◆ Task to carry out:
For this exercise, output the line containing "The Utilization panel displays" and every line after it through the end of the records, exactly, and no other line.

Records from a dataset
※
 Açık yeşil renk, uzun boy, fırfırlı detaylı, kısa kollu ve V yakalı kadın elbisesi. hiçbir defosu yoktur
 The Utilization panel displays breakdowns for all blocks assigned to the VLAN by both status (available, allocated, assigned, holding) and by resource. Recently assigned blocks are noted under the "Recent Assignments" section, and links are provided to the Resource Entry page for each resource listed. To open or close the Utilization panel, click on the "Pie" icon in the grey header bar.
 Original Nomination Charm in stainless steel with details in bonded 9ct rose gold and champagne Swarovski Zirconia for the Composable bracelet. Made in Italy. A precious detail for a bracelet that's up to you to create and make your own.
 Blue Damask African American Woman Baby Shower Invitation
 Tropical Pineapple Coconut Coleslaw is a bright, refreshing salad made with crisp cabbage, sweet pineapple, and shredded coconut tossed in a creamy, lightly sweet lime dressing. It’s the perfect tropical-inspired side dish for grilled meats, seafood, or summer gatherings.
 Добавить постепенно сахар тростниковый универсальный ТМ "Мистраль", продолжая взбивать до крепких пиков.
※
◆ The completed task:
 The Utilization panel displays breakdowns for all blocks assigned to the VLAN by both status (available, allocated, assigned, holding) and by resource. Recently assigned blocks are noted under the "Recent Assignments" section, and links are provided to the Resource Entry page for each resource listed. To open or close the Utilization panel, click on the "Pie" icon in the grey header bar.
 Original Nomination Charm in stainless steel with details in bonded 9ct rose gold and champagne Swarovski Zirconia for the Composable bracelet. Made in Italy. A precious detail for a bracelet that's up to you to create and make your own.
 Blue Damask African American Woman Baby Shower Invitation
 Tropical Pineapple Coconut Coleslaw is a bright, refreshing salad made with crisp cabbage, sweet pineapple, and shredded coconut tossed in a creamy, lightly sweet lime dressing. It’s the perfect tropical-inspired side dish for grilled meats, seafood, or summer gatherings.
 Добавить постепенно сахар тростниковый универсальный ТМ "Мистраль", продолжая взбивать до крепких пиков.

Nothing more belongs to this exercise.